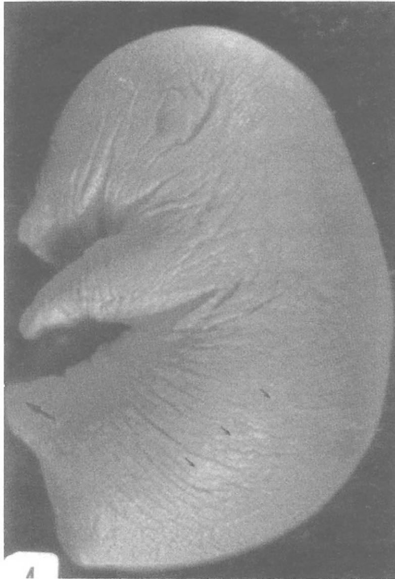
تصویر شماره ۳: دفرمیتی و عدم تکامل جوانه اندام تحتانی راست و چپ در جنین حاصل از موش دریافت کننده توام الکل و آسپرین

حرکتی و نقص در مورفوژنز طبیعی اندام ها می گردد. هم چنین کاهش وزن هنگام تولد، تأخیر رشد دوران قبل از تولد را نیز در مشاهدات خود ارائه نموده است (۹،۲،۱).
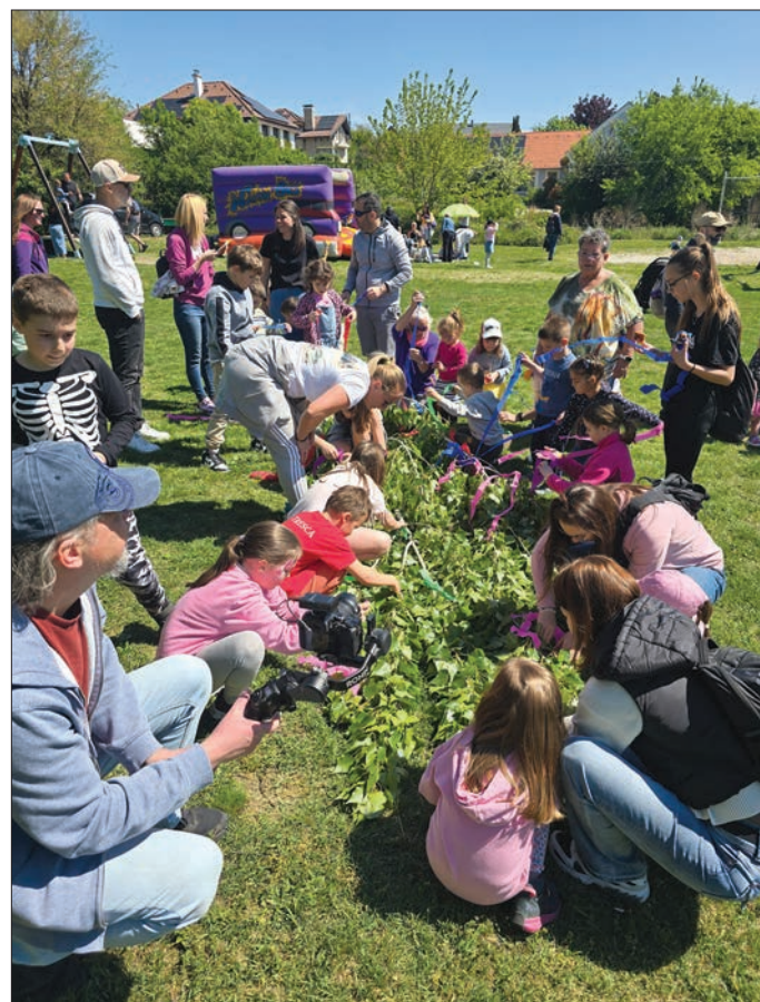
Családjaink felállították a község májusfáját – remek közösségi program keretében
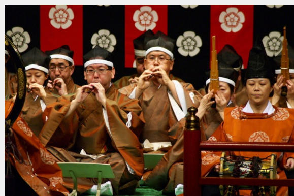
前回の演奏会より
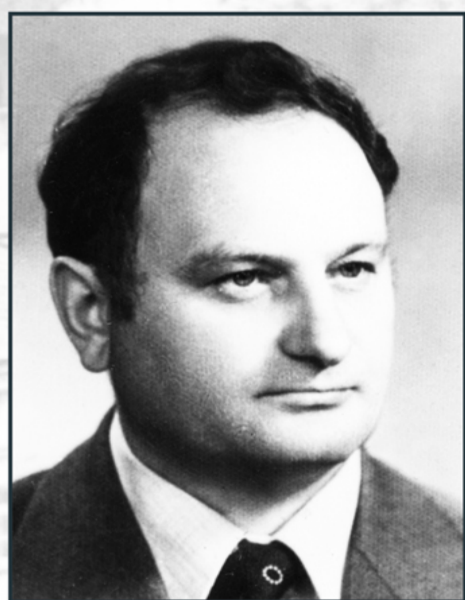
mjr/ppłk/plk BOLESŁAW PAJDAK s. Józefa ur. 17 I 1932 r. naczelnik Wydziału II SB KW MO/WUSW w Tarnowie – od 1 IX 1975 do 31 VIII 1983 r.
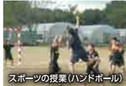
スポーツの授業(ハンドボール)
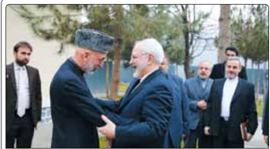
وزیر امور خارجه در جریان حضور در افغانستان با حنیف اتمر مشاور امنیت ملی افغانستان و حامد کرزای، رئیس‌جمهور سابق این کشور دیدار کرد
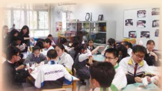
英文資源室活動：手工活動

英國語文科十分著重培養學生的閱讀能力，有系統地教導學生掌握閱讀技巧，訓練他們開聲誦讀課文，於初中推行「廣泛閱讀計劃」，還有鼓勵全校學生參加「閱讀獎勵計劃」，於閱讀書本後能撰寫優質的報告就可加額外的分數；
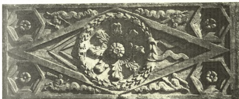
Εἰκ. 3. Ρωμαϊκὸν φάντωμα χρησιμοποιηθὲν εἰς τὴν διακόσμησην τοῦ χριστ. ἁμβωνος.
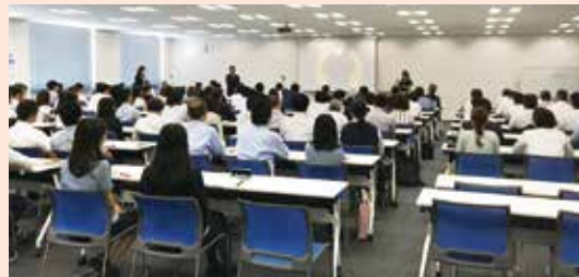
社員表彰も行われた発表会

期初を迎え、第63期経営方針発表会を開催しました。今期も目標達成に向け、全社一体となって取り組んでまいります。

### Work request
Beginning with the line that contains "وزیر امور خارجه" and ending with the last line of the data, transcribe each line exactly; pictures stay out.

### Response to the task
وزیر امور خارجه در جریان حضور در افغانستان با حنیف اتمر مشاور امنیت ملی افغانستان و حامد کرزای، رئیس‌جمهور سابق این کشور دیدار کرد
英文資源室活動：手工活動

英國語文科十分著重培養學生的閱讀能力，有系統地教導學生掌握閱讀技巧，訓練他們開聲誦讀課文，於初中推行「廣泛閱讀計劃」，還有鼓勵全校學生參加「閱讀獎勵計劃」，於閱讀書本後能撰寫優質的報告就可加額外的分數；
Εἰκ. 3. Ρωμαϊκὸν φάντωμα χρησιμοποιηθὲν εἰς τὴν διακόσμησην τοῦ χριστ. ἁμβωνος.
社員表彰も行われた発表会

期初を迎え、第63期経営方針発表会を開催しました。今期も目標達成に向け、全社一体となって取り組んでまいります。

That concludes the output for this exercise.